**Work instruction:** So that the copy stays text only, transcribe the data below exactly and exclude the images.

**Material provided:**
- - - -

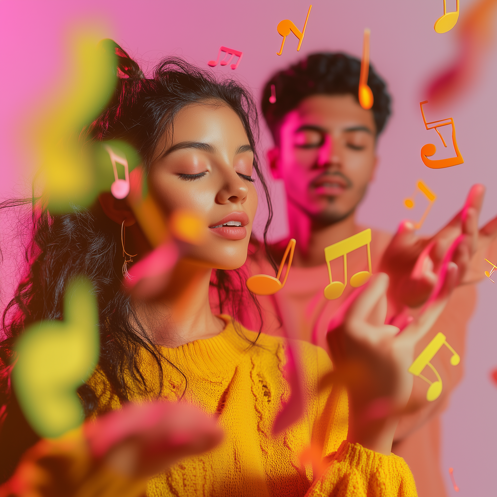 A young latina woman is engaged with vibrant 3D musical notes, which seem to float in the air around her. Behind her, a young man observes with a soft focus, creating an enchanting and dreamy atmosphere.
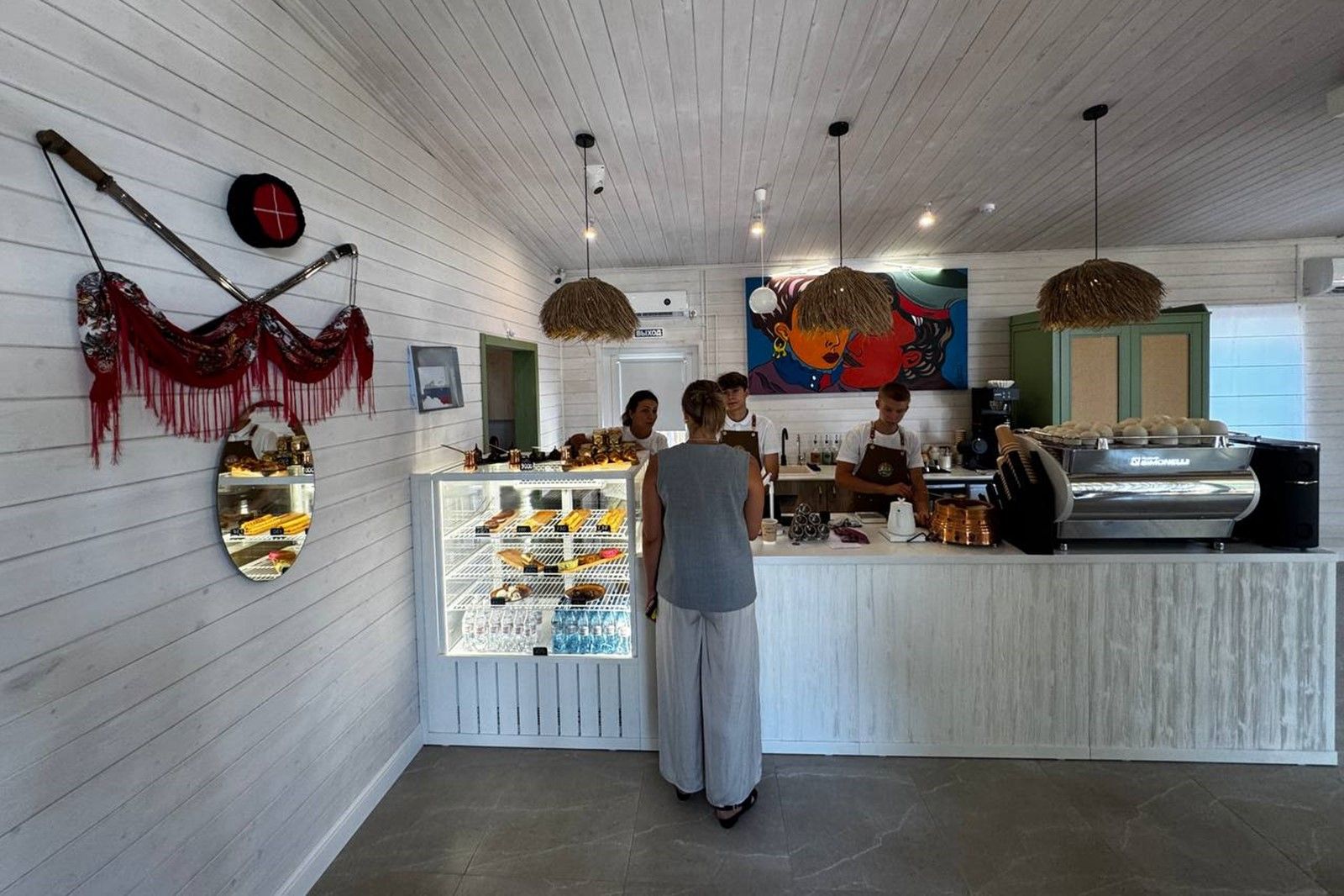 На площадке кофейни «Печка-речка» туристы могут полюбоваться настоящей русской печью, ознакомиться с рекламными буклетами, посмотреть фильмы о достопримечательностях Донского края или поиграть в необычные настольные игры, пока сотрудники готовят традиционный кофе по-казачьи с закуской в виде бутербродов с селедкой.
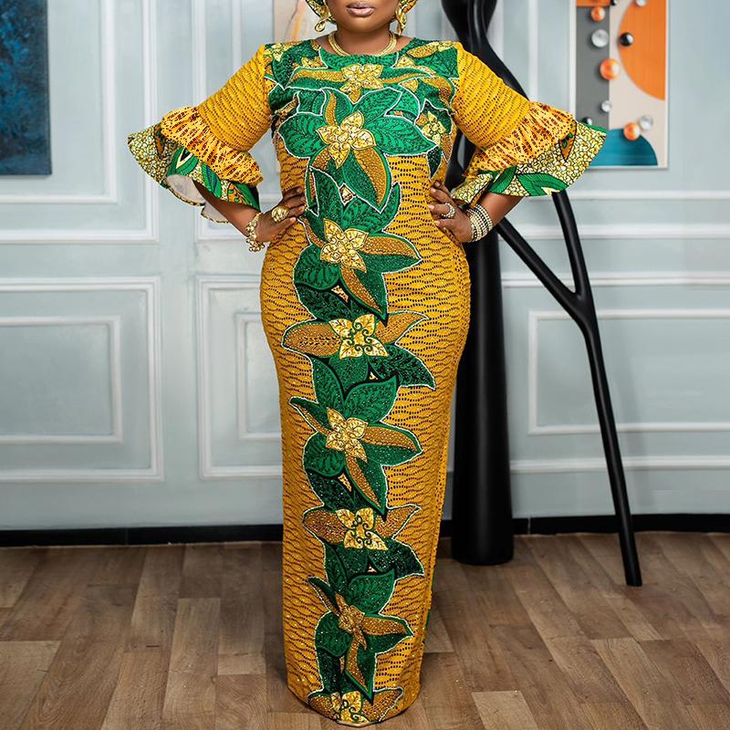 Женские платья больших размеров с круглым вырезом, расклешенные, с длинным рукавом, с принтом

- - - -

**Response box:**
 A young latina woman is engaged with vibrant 3D musical notes, which seem to float in the air around her. Behind her, a young man observes with a soft focus, creating an enchanting and dreamy atmosphere.
 На площадке кофейни «Печка-речка» туристы могут полюбоваться настоящей русской печью, ознакомиться с рекламными буклетами, посмотреть фильмы о достопримечательностях Донского края или поиграть в необычные настольные игры, пока сотрудники готовят традиционный кофе по-казачьи с закуской в виде бутербродов с селедкой.
 Женские платья больших размеров с круглым вырезом, расклешенные, с длинным рукавом, с принтом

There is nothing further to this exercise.